When we get home from school, we have a ritual.

Then Ava grabs a stool & pulls out all of the ice cream from the freezer while I grab the chocolate sauce from a high shelf. One of us grabs the whipped cream and cherries. Maybe I toast & chop some almonds. We make a colossal yummy concoction of ice cream that we jokingly call a “Tuesdae.”

We dive into one bowl with two spoons and chat about everything.

I’m not going to give up specifics on our Mom-and-daughter chats, but you were ten once, so think crushes, friend drama, bras, human anatomy, etc.
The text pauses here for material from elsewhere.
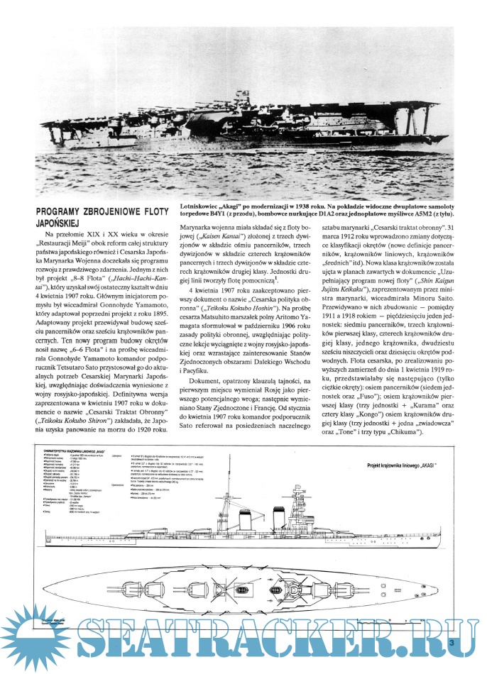 Year: 1994 Language: Polish Author: Miroslaw Skwiot, Adam Jarski Genre: History Publisher: AJ-Press Edition: Monografie Morskie 2 Format: PDF Quality: eBook Pages count: 42 Description: Akagi - japoński lotniskowiec z okresu II wojny światowej. Zatopiony 5 czerwca 1942 w bitwie o Midway. Publikacja zawiera opis techniczny okrętu oraz jego kalendarium do wybuchu wojny. Całość uzupełniają wkładki z planami, schematami i rysunkami.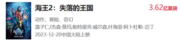 在北美,《海王2:失落的王国》(以下简称《海王2》)首映尚不到3千万美元,相比前作大幅跳水六成,并被媒体投以“烂番茄”待遇;在中国市场,提前两天上映的待遇、温子仁和杰森·莫玛的卖力宣传,最终迄今3.62亿人民币的成绩,不仅难敌当年,放在今年的进口片市场,也最多只能算差强人意。

Ava’s said to me at least twice, “I know you were my age once, and you have probably been through this before.”

I hide my glee at her comment, not wanting to ruin the moment.

Every Tuesday we discuss some topic that makes me infinitely grateful I took off early.

Quality conversations don’t happen frequently other days after school, when I’m rushing to pick her up by 6pm from her after school program, hoping I’m not the last to pick up, again. Or when I’m staring at the inside of the refrigerator at 6:30, hunger irritation building and no clue what to cook.

Exhaustion and hunger are not ingredients for meaningful conversation.

Which is why I love Tuesdays.

At some point Ava will be a teenager, the coin may flip, and instead of Ava reminding me that it’s Ava and Mommy Day, I may be reminding her. I imagine the teenage angsty-groan that I hope will never come.

But perhaps the ritual will override her possible resistance, and our conversation will continue.